First, it is important that your data science project has both a stakeholder(s) as well as a champion. The stakeholder(s) is the person who presents the business case for the project and the champion is the person who really sells it to the rest of the organization. You cannot have a successful data science project without buy-in from end users and without sign-off from the c-suite or whoever is making the financial decision to proceed.

How analytically mature is your organization?

The next step is to look at what you’re already doing with data and the level of analytics maturity within your organization. Are you currently analyzing what “has” already happened (descriptive analytics) through tools like Power BI, Qlik, Tableau, etc.? If so, then you may be ready for advanced analytics. If not, you’ll want to take the necessary steps to first analyze what has happened, and then possibly look to understand “why” something has happened (diagnostic analytics), as that might be enough information to solve your business problem more immediately and with less resources. It can also help provide insight into features for what “will happen” (predictive analytics) in the future. You don’t want to run before you can crawl—especially with analytics – as it will slow you down and likely lead to a failed project.
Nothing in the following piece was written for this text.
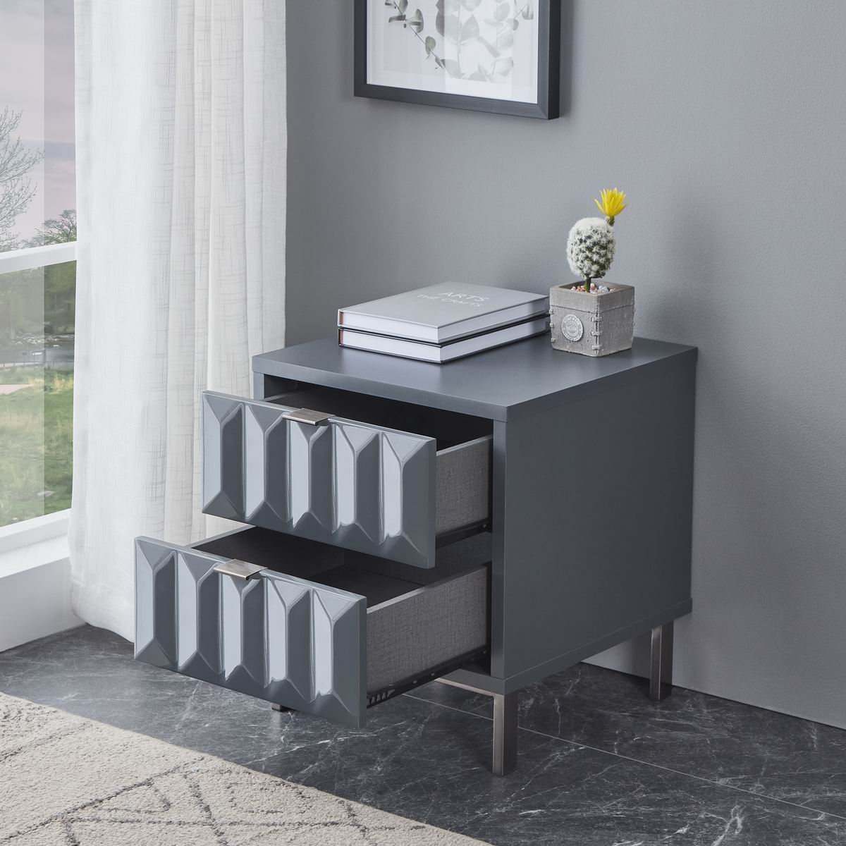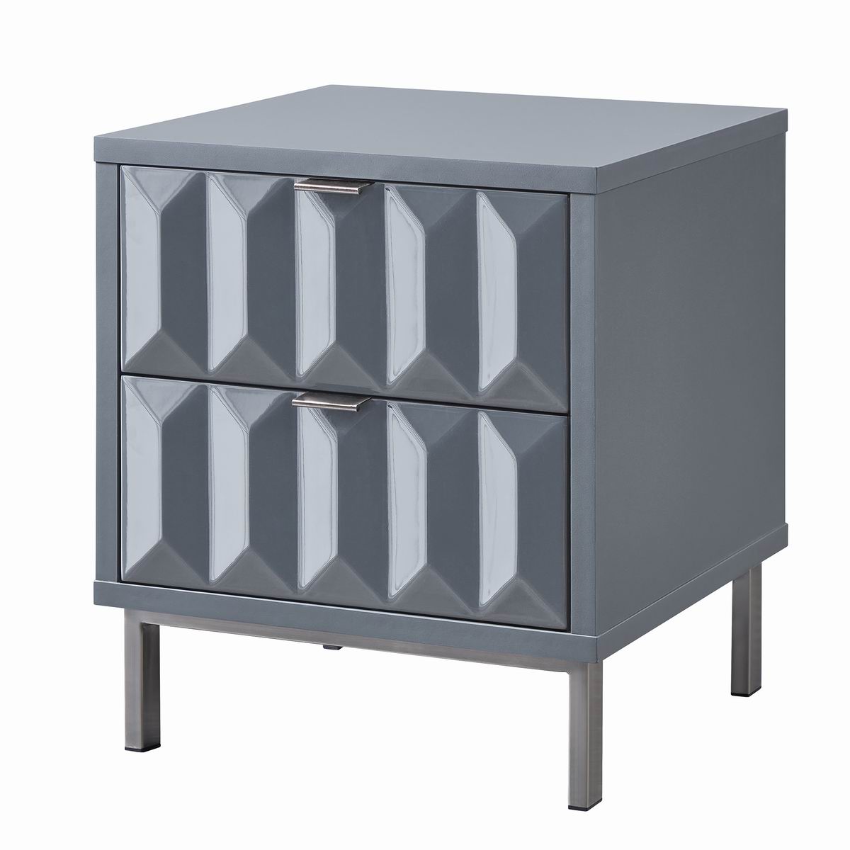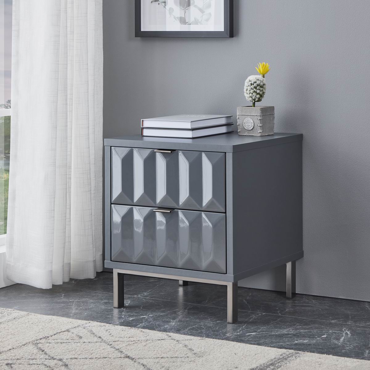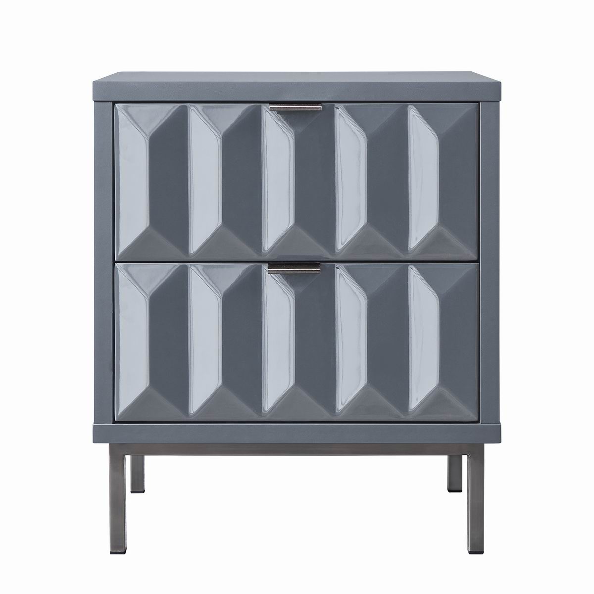 Lara bedside table with grey high gloss painted white drawer fronts, boasting a striking geometric design and a satin finish main body, brings a sleek contemporary style. It rests on high-shine smoke iron leg with brushed finish to complete the look and give added height.
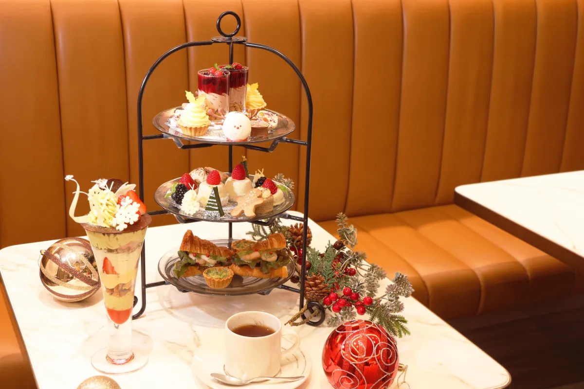 まず注目したいのは、クリスマスシーズンにぴったりな「クリスマスアフタヌーンティーセット」です。トナカイやクリスマスツリーをモチーフにした華やかなスイーツの数々が、冬らしい味わいを引き立てています。上段には赤ワインのヴェリーヌやさつま芋のモンブラン、そしてトナカイの形をしたマカロンが並び、あたたかみのあるクリスマスの雰囲気が漂います。

If you’re ready to explore more advanced analytics, then the next step is to ask and answer the following questions:

  • Have you identified a real problem that you want to solve or a specific target to predict? It is critical to have a goal that you’re trying to achieve and that others will find value in and adopt. Your analysis or prediction will be flawed if you do not know why you are doing what you are doing, and if you do not know how others will need to use it.Talk to stakeholders—business users and IT—to field questions, identify the real problem you are looking to solve, and to set clear expectations. One of the main reasons why data science efforts fail is that they are not aligned to any clear goals or objectives within the organization.In addition to bringing key stakeholders into the initial conversations, make sure to identify important KPIs. Maybe these are already ones being analyzed and could be better predicted through machine learning or automation. Or maybe finding out the levers to pull to reach the target KPI will be of importance. The important thing to note is that if you focus on needs that the organization does not actually have, you will not get the necessary buy-in.
  • Is your data organized? After you’ve identified your goal and confirmed the value of the project, you need to determine if your data is organized. You don’t necessarily need to have a fully operational data warehouse (at least not initially), but you need to have the ability to pull together relevant datasets that can be used in analysis. Additionally, for this to be sustainable, you need to have a means of acquiring new data of the same kind for future analysis.Some important considerations are whether someone has taken the time to collect the data you need and store it in a format in which it can be used. And once your data is in an accessible state, you will need to ensure that it is clean (no errors, no nulls, common formatting of names, etc.). You also need to perform data manipulation such as data normalization or converting categorical values into numeric, for example. Without organized data, you will potentially see incorrect, biased, or generally faulty results. The chance of any machine learning model performing well against improperly prepared data is very slim.
  • Do you have enough data to get adequate samples for predictions? Not having the right data can be a problem, but so is not having enough data. Most data scientists will tell you that they would rather have more data than a perfect machine learning model. This is because the more data you must train and test models against, the more consistent your results will be. If your dataset only has a small number of records, it is unlikely it will be truly informative of any future state. And while “small” can be relative to the work you are doing, making predictions off a limited sample will very rarely return as good a result as a larger sample. So, before you jump into machine learning, you will want to ensure that you have done the right amount of data collection.
  • Is your data relevant and of the right quality? You need to profile your data to ensure it is relevant and of sufficient quality to build out a model and have the right data for your specific project. Exploratory data analysis (“EDA”) is essential to understand the nature of the data and how the different fields (features) might be informative of a particular target. Identifying basic summary statistics like mean, median, and percentiles can help you determine the right path for your model.Additionally, you can get a sense of the variance in your data, which is necessary for a feature to be important. Further, knowing if you have an imbalanced target population can help establish if additional manipulation is needed in some cases, like with classification models. This is also a good time to do some rigorous data cleansing (should the dataset call for it) to ensure your results are consistent and usable. And one final key step of ensuring quality data is performing feature engineering to generate additional variables based on a combination of existing ones. Developing additional features can boost the power of your dataset even more than fine tuning a final model.
  • If you were to build out a model, would you see adoption by end-users (is the problem something they care about)? Although this is something you should identify at the beginning of a data science project, you should continuously ask this question going forward, especially as if you identify new problems in the process. Data science is a team sport. If everyone isn’t playing in sync, you’re going to lose.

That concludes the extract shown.